The cult of the Royal Enfield

S Muralidhar | Updated on December 13, 2020

The story of an iconic Indian brand and its loyal followers

An oft-repeated cliché about India’s favourite sport is “Cricket is a game of glorious uncertainties”. One could have rephrased the quote for Royal Enfield motorcycles of the past and it would have been apt.

For a brand that has had a chequered history and has been replete with stories of passionate riders and their bond with their bikes, ‘Cult’ is the right word to describe Royal Enfield (RE) and its followers. How else does one describe riders who would have taken out their ‘Bullets’ with that sense of delicious anticipation every time. The riders knowing that it was an imperfect machine and yet revelling in its uncertainty has been the stuff of legend.

Very few brands can claim to be blessed with a base of customers that is not just as forgiving of its faults, but also eager to reinvest their time and resources. RE bikes have been notoriously capricious, while also being plagued by the more common quality and mechanical problems like oil leaks, electrical failures, early rusting, a prematurely failed clutch, etc.

The legendary brand loyalty that RE enjoys hinges on its history and the aura of ownership that has been built on a symbiotic relationship with its customers. Most of us have read about passionate RE owners, their journeys and their stories. The RE club fraternity, the company’s own events like Rider Mania, etc., have been a rich source of information about the bikes and the shared passion amongst the riders.

But it was not until the book The Indian Icon — A Cult called Royal Enfield by Amrit Raj landed on my desk, did I realise that the inside story of the company and its revival from near bankruptcy has never really been told. Quite surprising for a brand with so much history and context in today’s ‘Glocal’ business environment.

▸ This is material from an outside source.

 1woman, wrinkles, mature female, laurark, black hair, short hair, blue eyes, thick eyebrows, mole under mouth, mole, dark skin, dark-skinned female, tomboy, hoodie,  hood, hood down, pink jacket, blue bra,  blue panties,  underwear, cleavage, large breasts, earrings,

For a bike brand that was born in Britain in the 1950s, embraced by India’s armed forces and in equal measure by its people, to have swung from almost becoming a BIFR (Board for Industrial and Financial Reconstruction) case to becoming one of the most profitable and successful Indian automotive brands, RE’s story is a unique roller-coaster ride.

The book attempts to capture the nuances and the upheavals during the last three decades of the company, a time when the Eicher Group and its charismatic management leaders planned, executed, stumbled and picked themselves up to create one of the most iconic brands of India.

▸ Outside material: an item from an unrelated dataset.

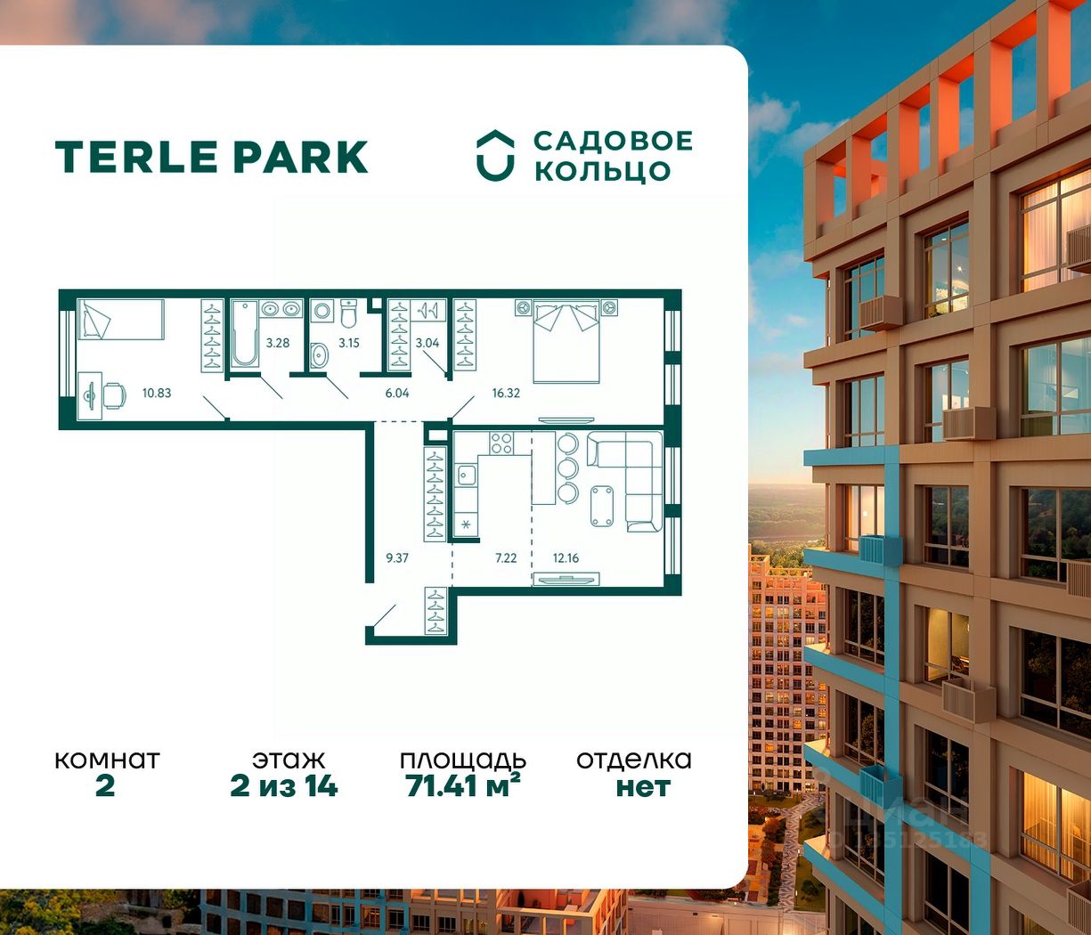 Продается квартира в ЖК Terle Park с 2 спальнями на 2 этаже 14 этажного дома. Общая площадь: 71.41 кв.м. Высота потолков 2.95 м. Срок сдачи 4 квартал 2025 г. Вид на лес. Эскроу-счет. Застройщик ГК "Садовое кольцо".

The book traces the evolution of the company after Vikram Lal’s Eicher acquired a majority stake in Enfield India (originally Madras Motors). Coinciding with the opening up of the Indian economy, the first few years were spent in just stabilising the operations of RE. The book goes on to describe in detail the transition from father Vikram to son Siddhartha, their differing management styles and how the company really blossomed under the latter’s young and dynamic leadership.

Lessons in management

For students of management, RE’s story is many case studies wrapped into one. How to rationalise assets and bounce back from the brink. How to benefit from the diversity of opinion that a professional management brings to a family-owned business. How to go mass while staying within a niche that you own. How can Indian businesses successfully go global? The answers to all these questions are in the book, of course, from RE’s perspective and its experiences.

The book recounts the trials and tribulations of a brand that was desperate to survive and take on the might of the Japanese commuter bike invasion of the 1990s, and its transformation into a Indian bike maker that took on halo brands like Triumph of the UK and Harley-Davidson of the US and won.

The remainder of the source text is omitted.